Horza ended up sitting on a stool in front of a combined bar and betting stall. He ordered a drug bowl and made a small bet on Kraiklyn to win the next hand, while his body gradually freed itself of the effects of the concubines’ doctored sweat glands. His pulse lowered and his breathing shallowed; perspiration stopped rolling down his brow. He sipped his drug bowl and sniffed the fumes, while watching Kraiklyn lose first one and then another hand, though in the first one he pulled out early enough not to lose a Life. Nevertheless, he was down to one Life now. It was possible for a Damage player to gamble his own life if he had no other remaining behind him, but it was a rare thing, and in games where the very best met hopefuls, as in this one, the Ishlorsinami tended to forbid it.
The captain of the Clear Air Turbulence was taking no chances. He dropped out of every game before he could lose a Life, obviously waiting for a hand that would be almost unbeatable before gambling for what might be the last time in the game. Horza ate. Horza drank. Horza sniffed. Sometimes he tried to look over at the terrace he had been on at first, where the bored-looking woman was
, but he couldn’t see for the lights. Now and again he looked up at the fighting animals on the trapezes. They were tired now, and injured. The elaborate choreography of their earlier movements was gone, and they were reduced to hanging grimly onto their trapeze with one limb and striking out at each other with the other clawed arm whenever they happened to come close enough. Drops of white blood fell like sparse snow and settled on an invisible force field twenty metres beneath them.
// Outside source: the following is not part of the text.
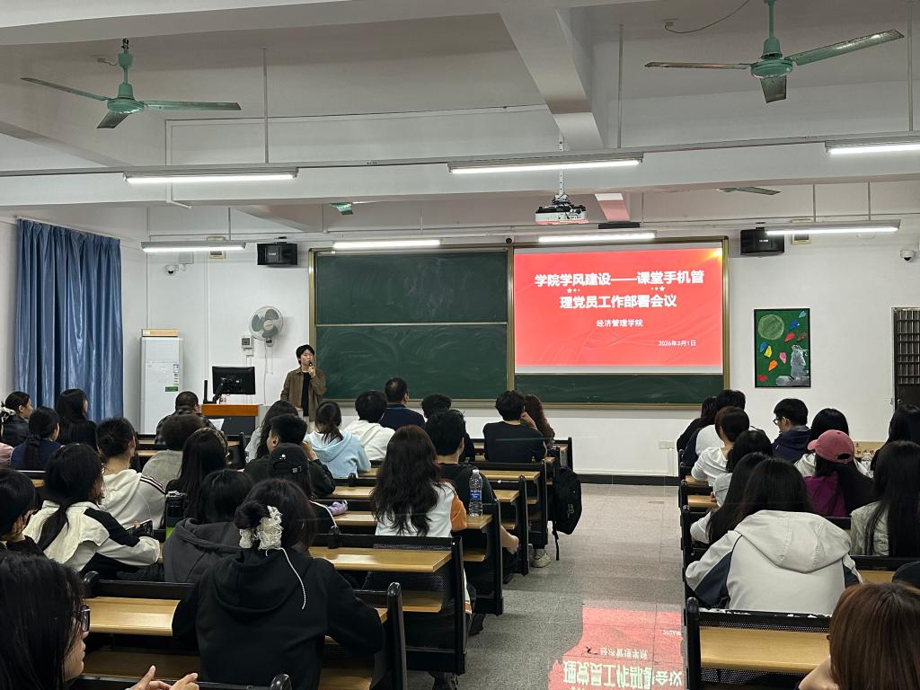 2026年3月1日,bevictor伟德官网于1栋1004教室召开学科评估冲刺阶段学风建设暨员工日常行为规范学习动员大会。会议采用线下集中参会模式,公司党总支书记彭康煜、组织员余江及各位辅导员老师出席,各年级员工党员、发展对象代表参会。会议由辅导员徐燕宁老师主持,依次推进工作部署、动员讲话与文件传达环节。

Gradually the Lives died. The game went on. Time, according to who you were, dragged or flashed by. The price of drinks and drugs and food went up slowly as the destruction time crept closer. Through the still transparent dome of the old arena the lights of departing shuttles blazed now and again. A fight broke out between two punters at the bar. Horza got up and moved away before the security guards came to break it up.
Horza counted his money. He had two Aoish credit Tenths left, plus some money credited to the negotiable cards, which were becoming harder and harder to use as the accepting computers in the Orbital’s financial network were closed down.
He leant on a restraining bar on a circular walkway, watching the game progress on the table below. Wilgre was leading; the Suut was just behind. They had both lost the same number of Lives, but the blue giant had more money. Two of the hopefuls had left the game, one after trying unsuccessfully to persuade the officiating Ishlorsinami that he could afford to gamble with his own life. Kraiklyn was still in there; but, from the close-up of his face which Horza caught on a monitor screen in a drug bar he passed, the Man was finding the going hard.
Horza toyed with one of the Aoish credit Tenths, wishing the game would end, or at least that Kraiklyn would get put out. The coin stuck to his hand, and he looked down into it. It was like looking into a tiny, infinite tube, lit from the very bottom. By bringing it up to your eye, with the other closed, you could experience vertigo.